**** Given data ****
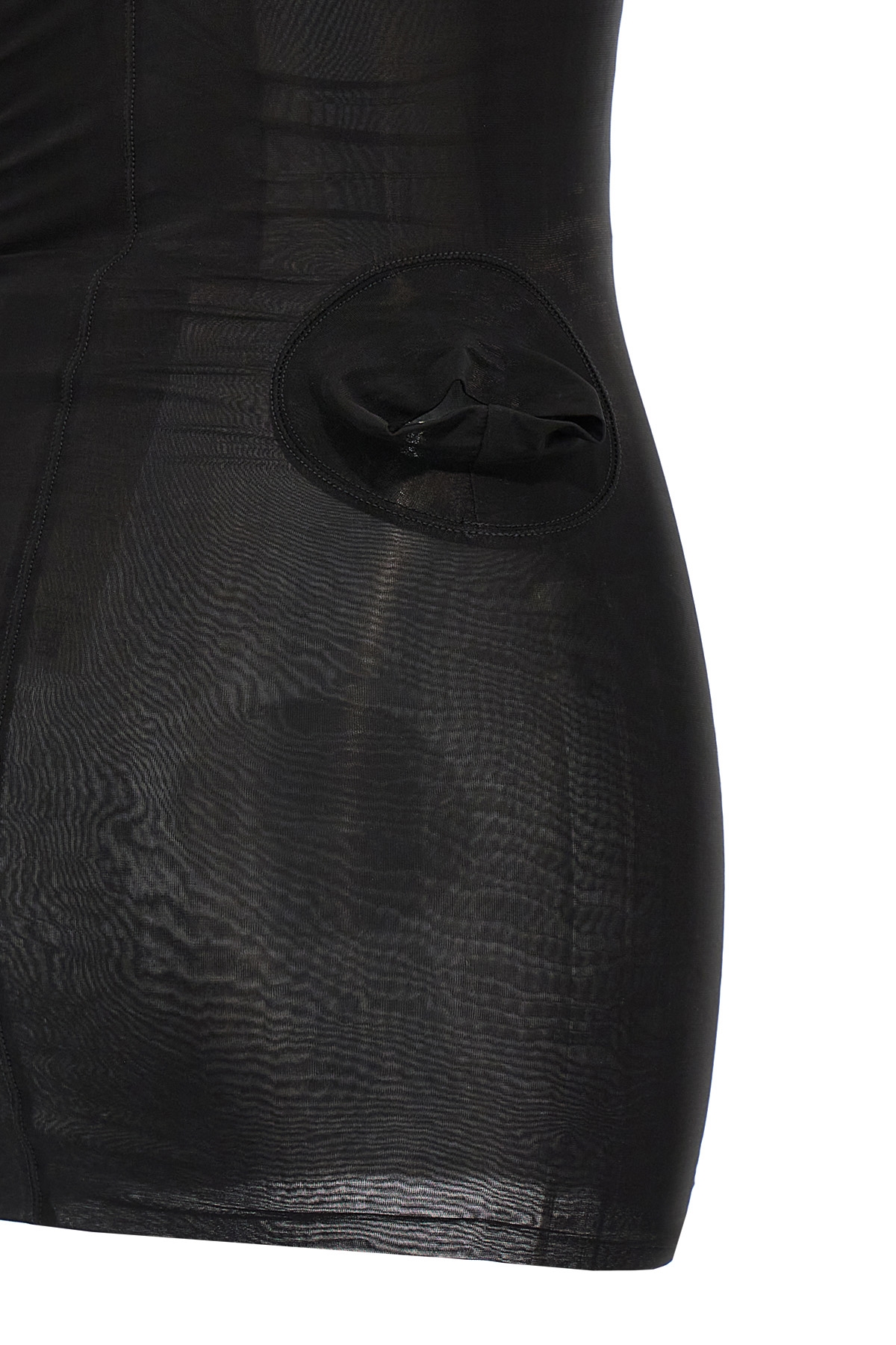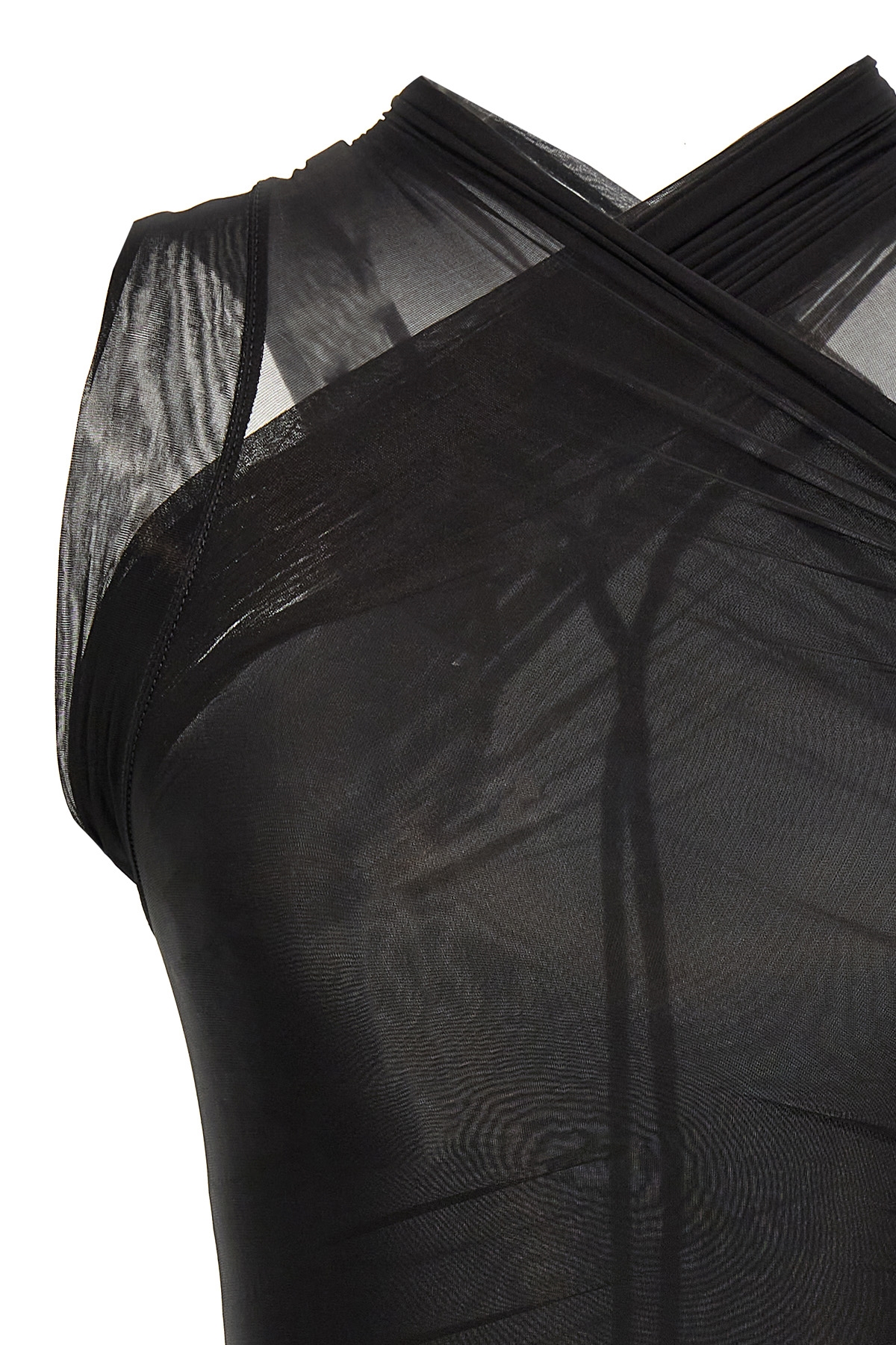 'Hollywood Banana' semi-transparent cupro stretch jersey top. It has a bottom layer with two round holes with ribbed edges and an outer layer that folds to create a crossed draping on the front and back neck. You can wear one shoulder or double.
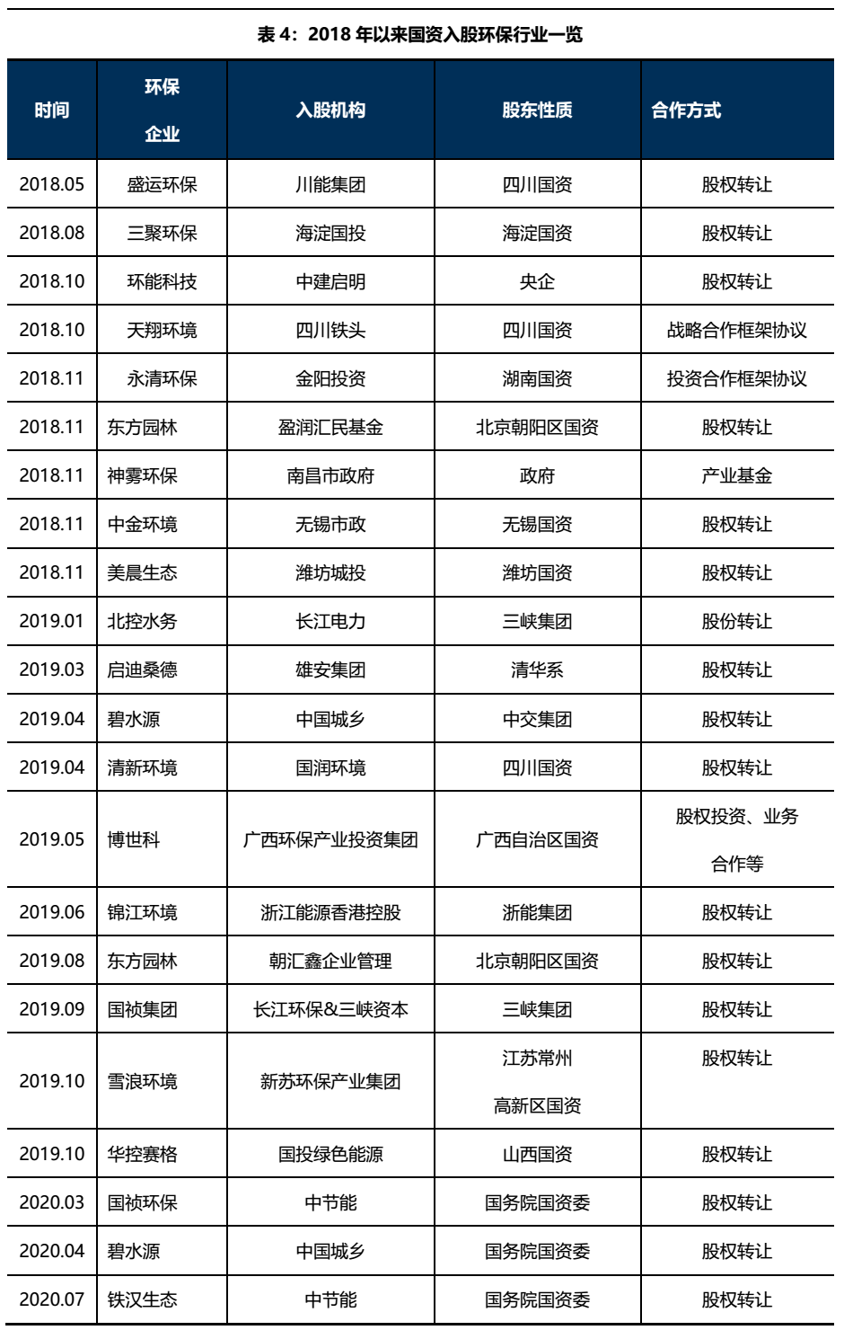 第三為民企紓困需要,例如2018年由于資管新規出臺,融資環境收縮,民企遇到資金瓶頸,國資主要充當“救援”角色。隨著國資頻頻出手,環保行業也轉向了由國企主導的市場格局。
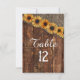Rustic Wood & Burlap Sunflower Wedding table number cards With trendy brush script font! ~ Check my shop to see the entire wedding suite for this design!
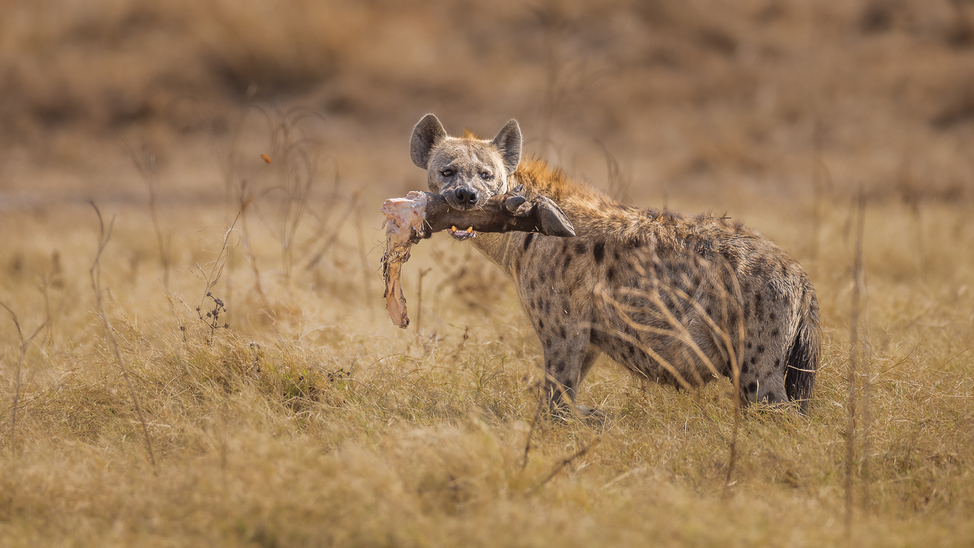 This lone hyaena has a buffalo leg most probably pilfered from an earlier kill.
****
Activity> Leave the pictures aside and print exactly, and only, the lines from the one with "Rustic Wood &" through the end of the data, both included.

Expected answer>
Rustic Wood & Burlap Sunflower Wedding table number cards With trendy brush script font! ~ Check my shop to see the entire wedding suite for this design!
 This lone hyaena has a buffalo leg most probably pilfered from an earlier kill.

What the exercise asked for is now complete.